Hay una palabra árabe que mi padre utiliza cuando quiere amonestar a los miembros de su familia. Significa, grosso modo, persona tonta, y suele ir precedida de ya. Como en "Ya hambooli", ¿por qué actúas así? Nunca he oído a nadie fuera de mi familia utilizar la palabra hambooli (y Google Translate desde luego no la reconoce).

The Book Smuggler está disponible en Hoopoe.

Durante mucho tiempo me pregunté si se debía a que era una palabra de la vieja escuela mecana que la familia de mi padre se llevó consigo cuando emigraron a Jidda en los años setenta. En algún momento de la edad adulta, se me ocurrió una idea: ¿Y si la palabra era en realidad hanbooli? ¿Y si derivara de hanbali, que significa persona que sigue la escuela de pensamiento del imán Ibn Hanbal, a menudo considerada inspiradora del wahabismo (aunque eso se discute)? 
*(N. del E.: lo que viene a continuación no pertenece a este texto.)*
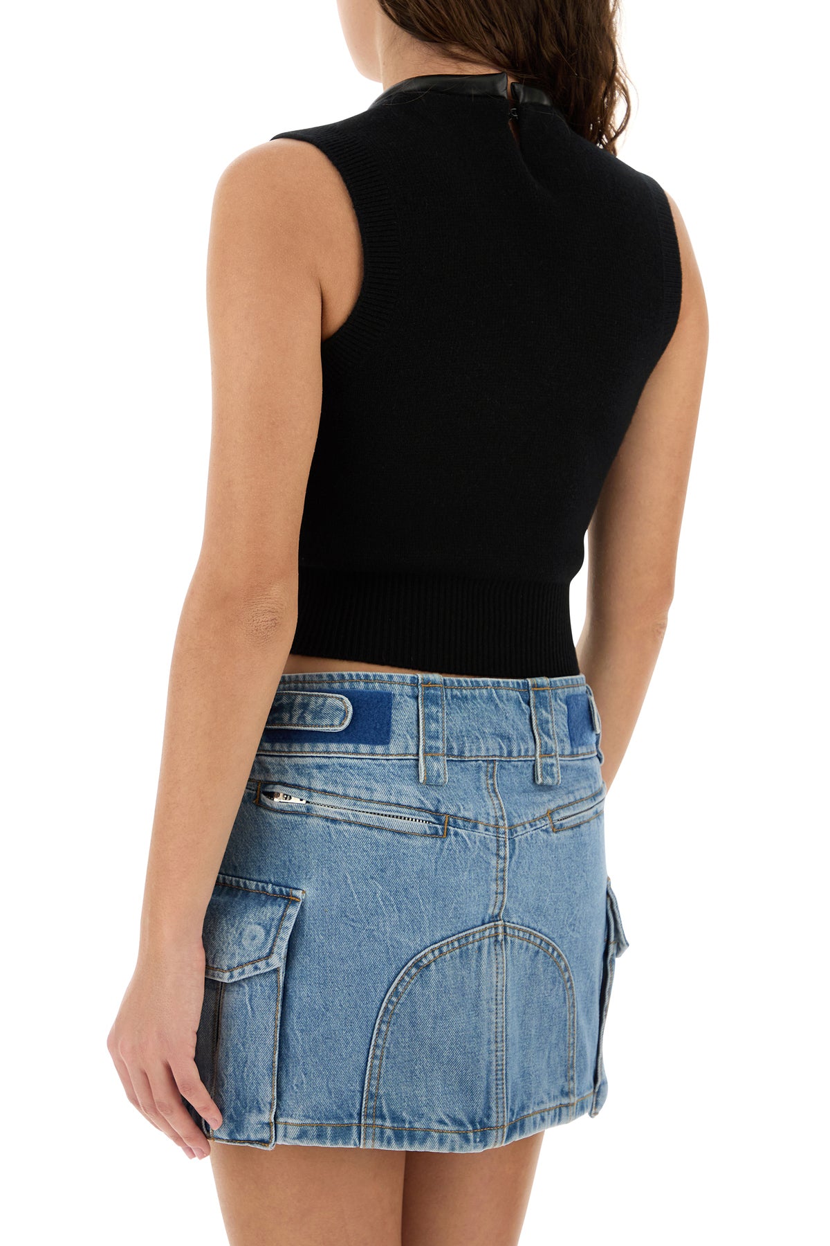 Black stretch wool blend vest

Mi familia es hanafí. ¿Y si el hanbooli fuera un insulto leve de una época en la que las cuatro escuelas de pensamiento tenían cada una círculos de pensamiento en la Masyid al-Haram de La Meca? ¿Cuando los habitantes de lo que hoy es Arabia Saudí no estaban obligados, al menos en público, a practicar una versión del islam? ¿Cuando su pensamiento estaba menos vigilado y, por tanto, quizás había más libertad para considerar a los seguidores de una escuela de pensamiento rival sinónimo de necios? 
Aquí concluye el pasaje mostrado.